Leighton Town
- Full name: Leighton Town Football Club
- Nickname: The Reds
- Founded: 1885
- Ground: Bell Close, Leighton Buzzard
- Capacity: 2,800 (400 seated)
- Chairman: Sean Downey
- Manager: Paul Reed
- League: Southern League Premier Division Central
- 2025–26: Southern League Division One Central, 1st of 22 (promoted)
- Website: http://www.leightontownfc.co.uk/
| Home colours | Away colours |

= Leighton Town F.C. =

Association football club in England

Leighton Town Football Club are an English football club located in Leighton Buzzard, Bedfordshire. They were established in 1885. The club plays home games at Bell Close and currently play in the .

==History==
=== Early history ===
Leighton Town F.C. was formed in 1885 and in their early years were winners of the Leighton and District League on several occasions. They were one of the original members of the South Midlands League (then known as the Bedfordshire County League) in 1922, the same year they changed their name to Leighton United (a change which lasted until 1963). They were also members of the Spartan League from 1922 to 1952, but their only successes were two Spartan League Division Two titles in 1923–24 and 1927–28.

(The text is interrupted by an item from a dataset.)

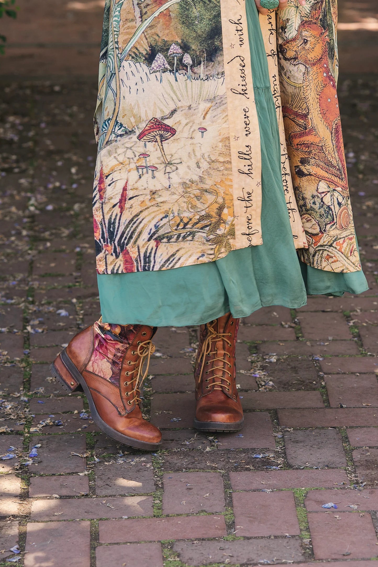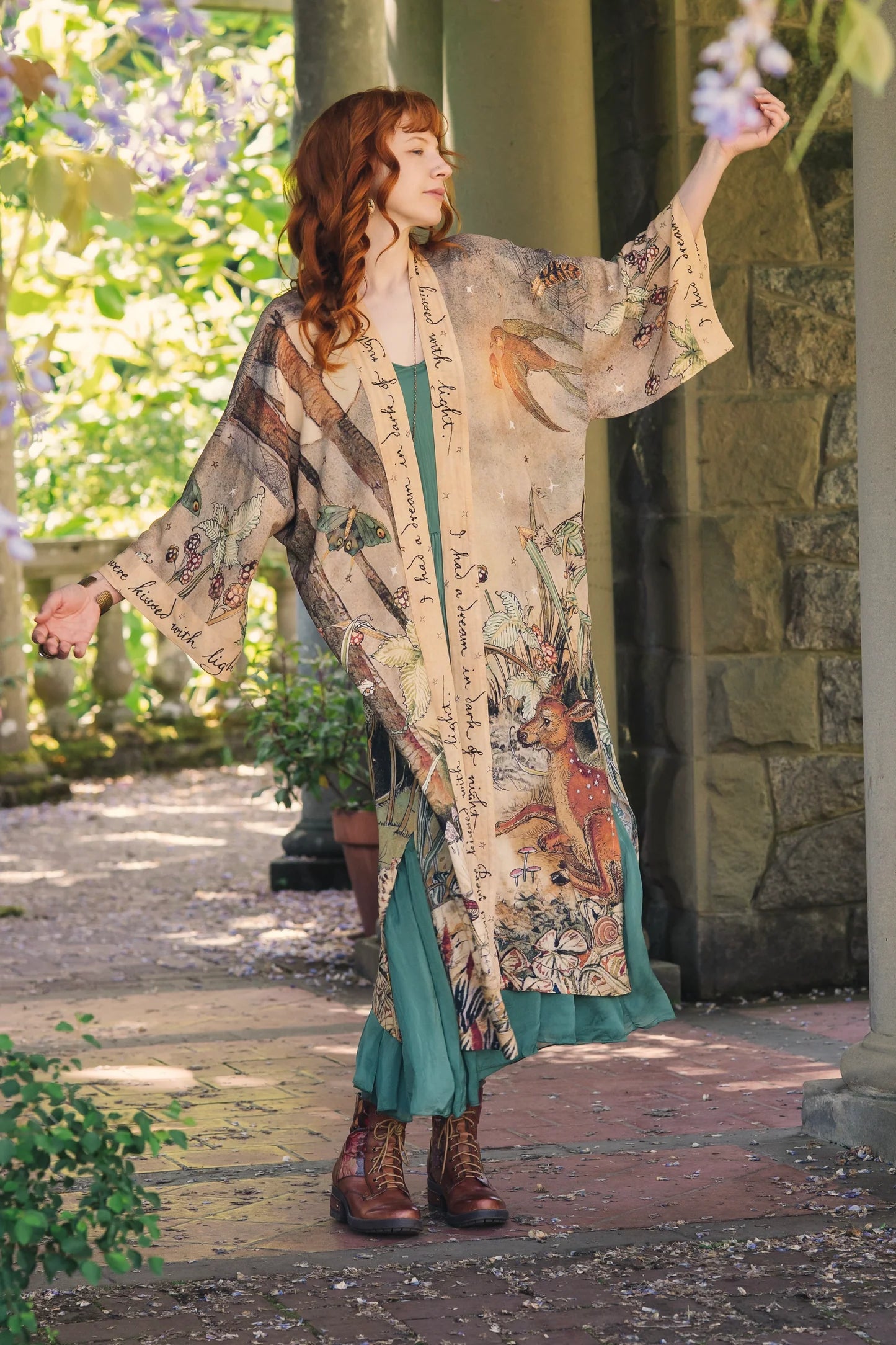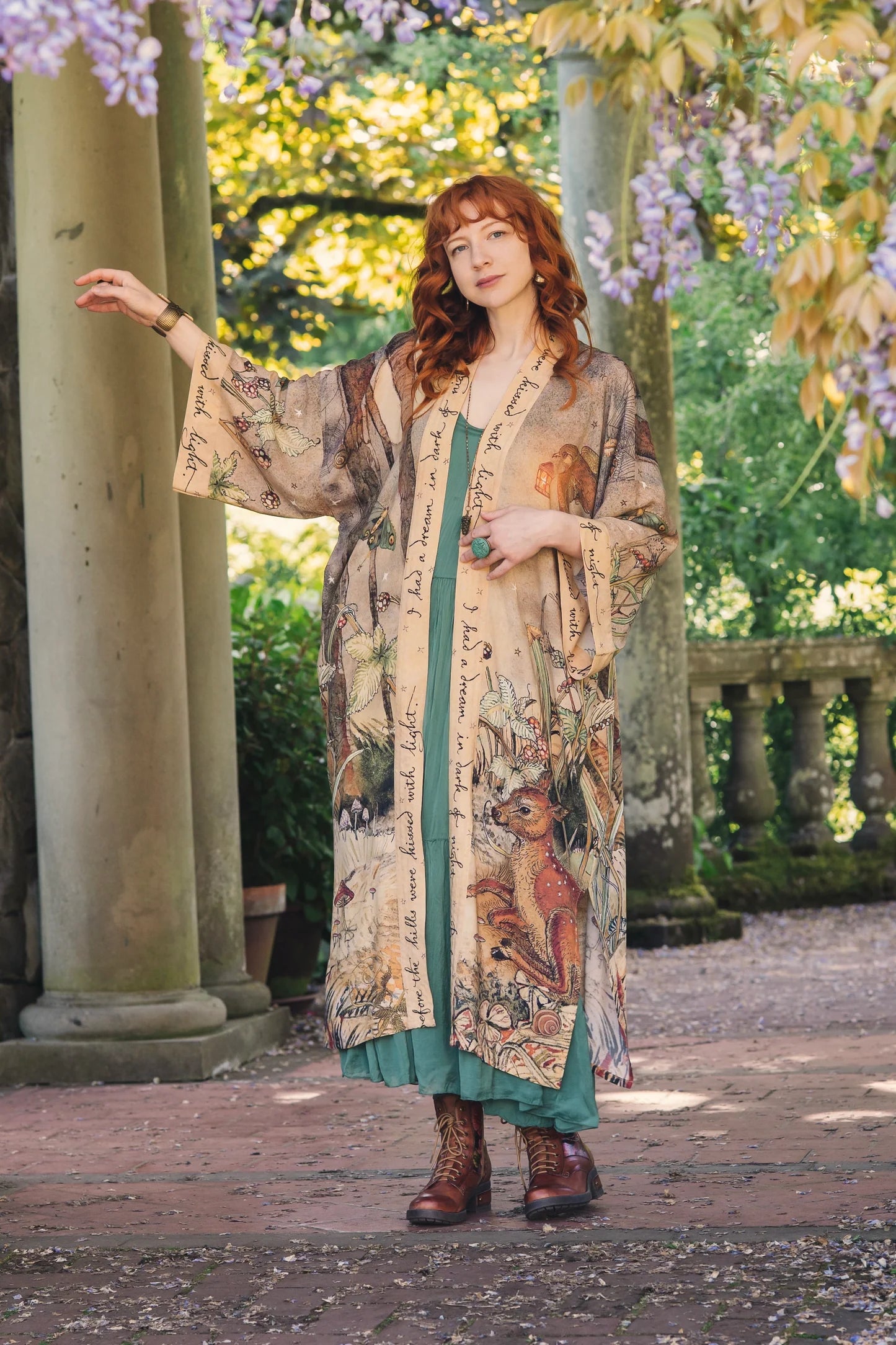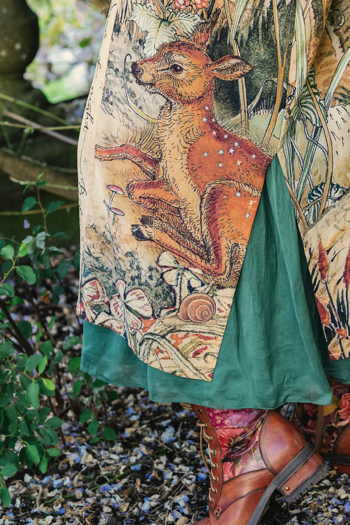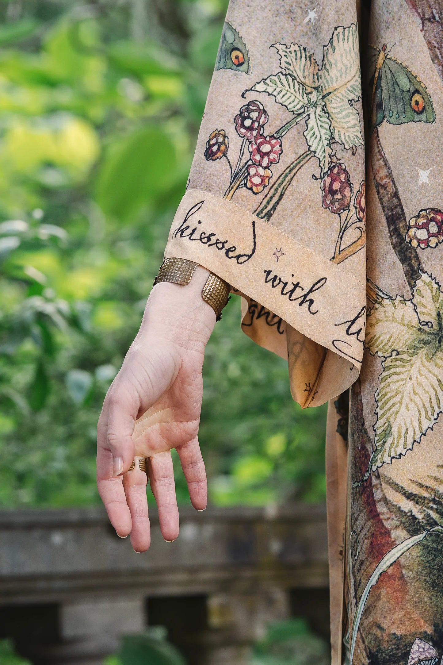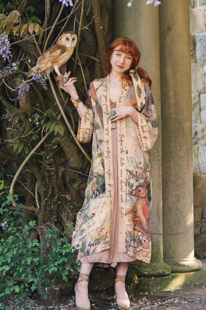 Lovelight was created using a collage of several pieces of Charles’ work, including a majestic guardian swallow carrying a lantern that cradles a glowing star, a delicate watercolour moth, and a star-dappled fawn nestled in the moonlit woods. The whole collection is edged with a piece of poetry by van Sandwyk, which wraps the wearer in words as soft as the dawn: I had a dream in dark of night, before the hills were kissed with light.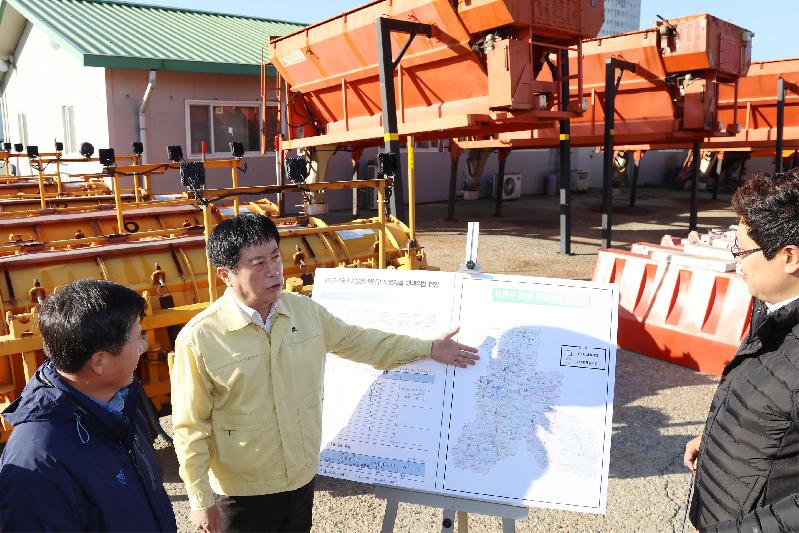 정 시장은 이 자리에서 제설제 살포기와 제설삽날 등 제설장비 관리실태를 점검하고 친환경 제설제나 염수 등 자재확보 현황을 확인했다.

In 1952, they became founder member of the Hellenic League but after two seasons moved back to the South Midlands League. In 1965–66, Leighton finished bottom of the Premier Division, but won the title the following season. They then returned to the Spartan League once again, followed by a two-year spell in the United Counties League before returning once again to the South Midlands League where they were to remain until 1992.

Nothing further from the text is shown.